▶ **Problem**: With the exception of the pictures, write out the data below precisely.

▶ **Supplied data**:
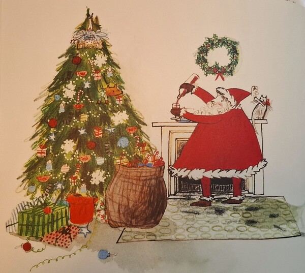 他很快地離開房間,喝了一點波特酒,吃完橘子和碎肉派,鑽出煙囪,繼續趕路。
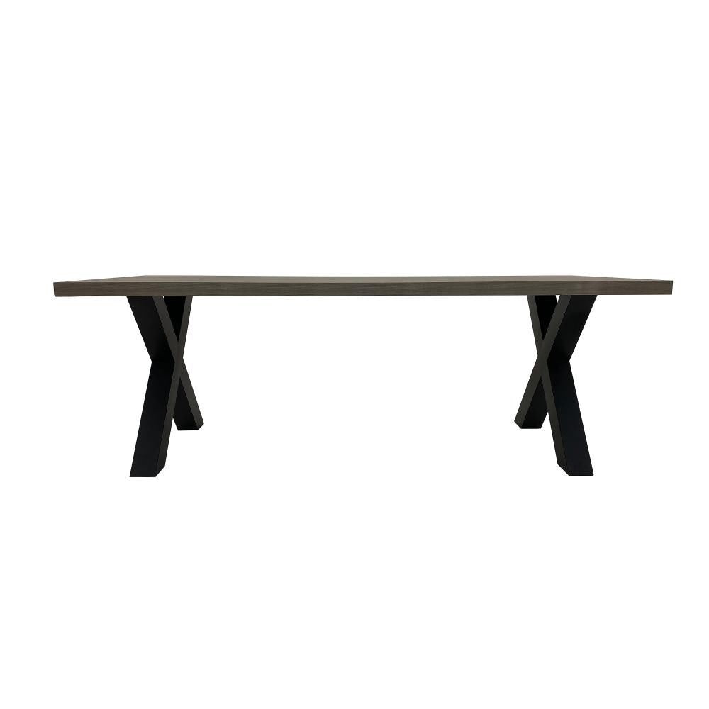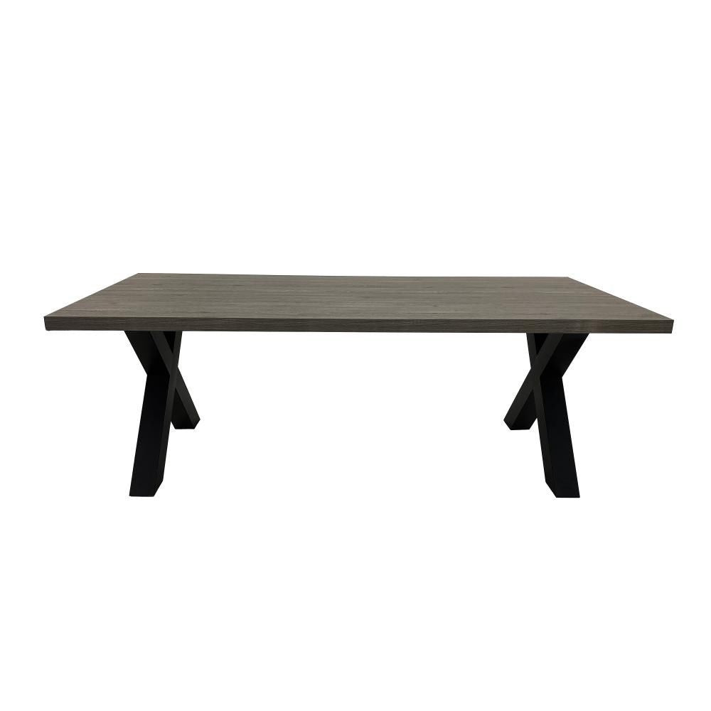 Bring industrial character and practical durability to your dining space with this sleek piece from Furniture Plus. The 220 cm wood effect top features SmarTops® technology, making it resistant to heat, stains and scratches and ideal for busy homes and larger gatherings. A clean cross frame base provides stability and style, creating a bold yet contemporary centrepiece.
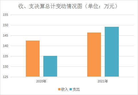 2021年度收入总计146.48万元,支出总计149.31万元。与2020年相比,收入总计增加3.95万元,增长2.77%,支出总计增加14.18万元,增长10.49%。主要变动原因是项目资金增加及工资调标等。
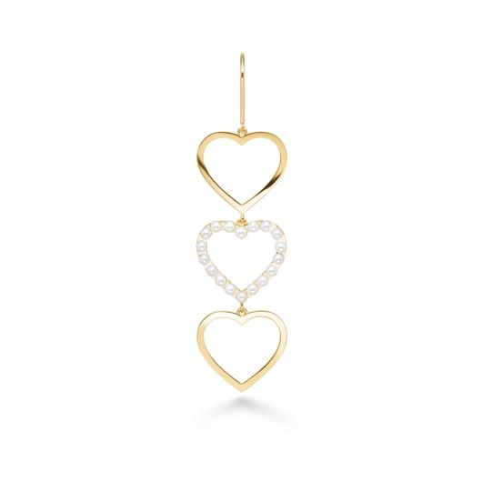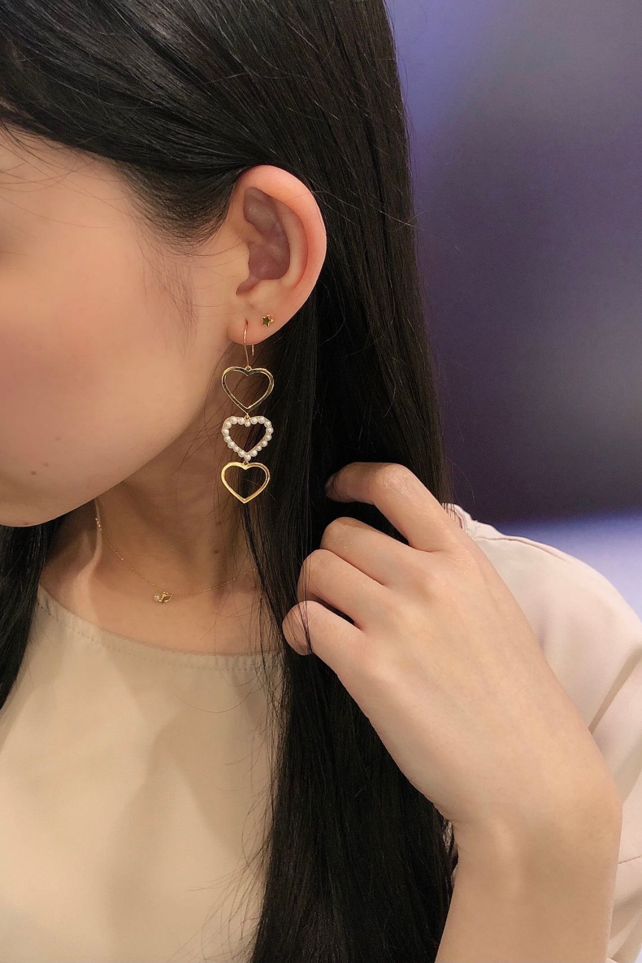 2mmの小さな淡水パールを使用した、愛らしいハートが連なるシングルピアス

▶ **Answer section**:
 他很快地離開房間,喝了一點波特酒,吃完橘子和碎肉派,鑽出煙囪,繼續趕路。
 Bring industrial character and practical durability to your dining space with this sleek piece from Furniture Plus. The 220 cm wood effect top features SmarTops® technology, making it resistant to heat, stains and scratches and ideal for busy homes and larger gatherings. A clean cross frame base provides stability and style, creating a bold yet contemporary centrepiece.
 2021年度收入总计146.48万元,支出总计149.31万元。与2020年相比,收入总计增加3.95万元,增长2.77%,支出总计增加14.18万元,增长10.49%。主要变动原因是项目资金增加及工资调标等。
 2mmの小さな淡水パールを使用した、愛らしいハートが連なるシングルピアス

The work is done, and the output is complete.